A unified toolkit for advanced text processing and linguistic analysis. This package offers a comprehensive set of functions to clean, preprocess, and analyze text data, applying sophisticated linguistic techniques to enhance your text analytics workflow. Whether you're looking to clean raw text or extract detailed linguistic features, Linguistify provides the tools to transform and enrich your text data efficiently.
Project description
linguistify
A unified toolkit for advanced text processing and linguistic analysis. linguistify offers a comprehensive set of functions to clean, preprocess, and analyze text data, applying sophisticated linguistic techniques to enhance your text analytics workflow.

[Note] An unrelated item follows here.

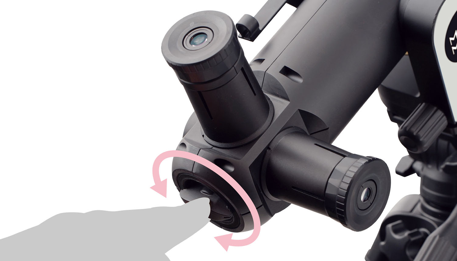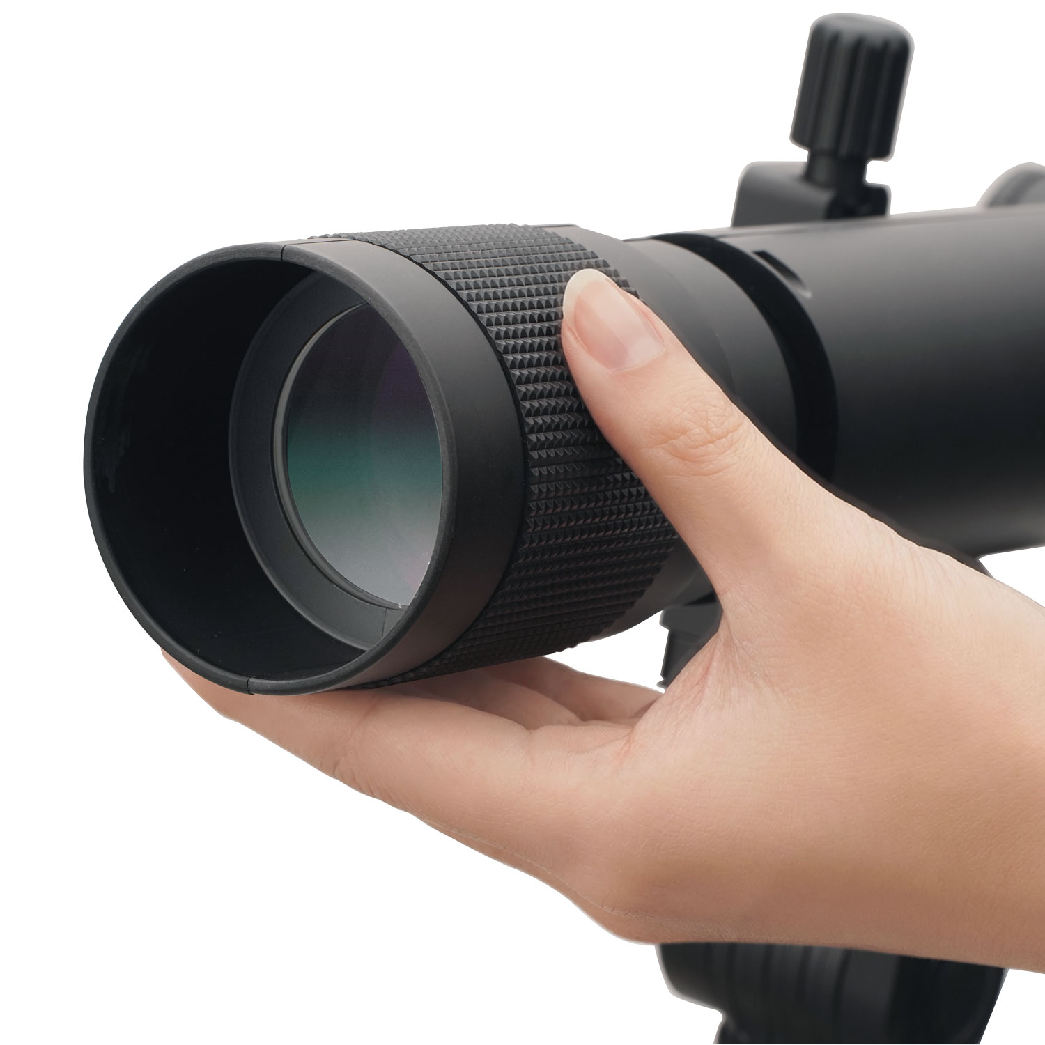 Focus can be adjusted by turning the knurled ring on the objective lens side. The distance from the eyepiece to the knurled ring is designed so that even children can easily reach it while looking through the telescope.

The purpose of the linguistify package is to provide tools that simplify and enhance the process of text cleaning and analysis. It aims to:
- Clean Text Data: Remove unwanted elements from text, such as punctuation, URLs, and special characters, and normalize text for consistent processing.
- Feature Extraction: Extract meaningful features from text data, including text length, stop words, and part-of-speech tags, to support various text analysis tasks.
- Preprocess Text: Prepare text data for further analysis or modeling by transforming it into a suitable format.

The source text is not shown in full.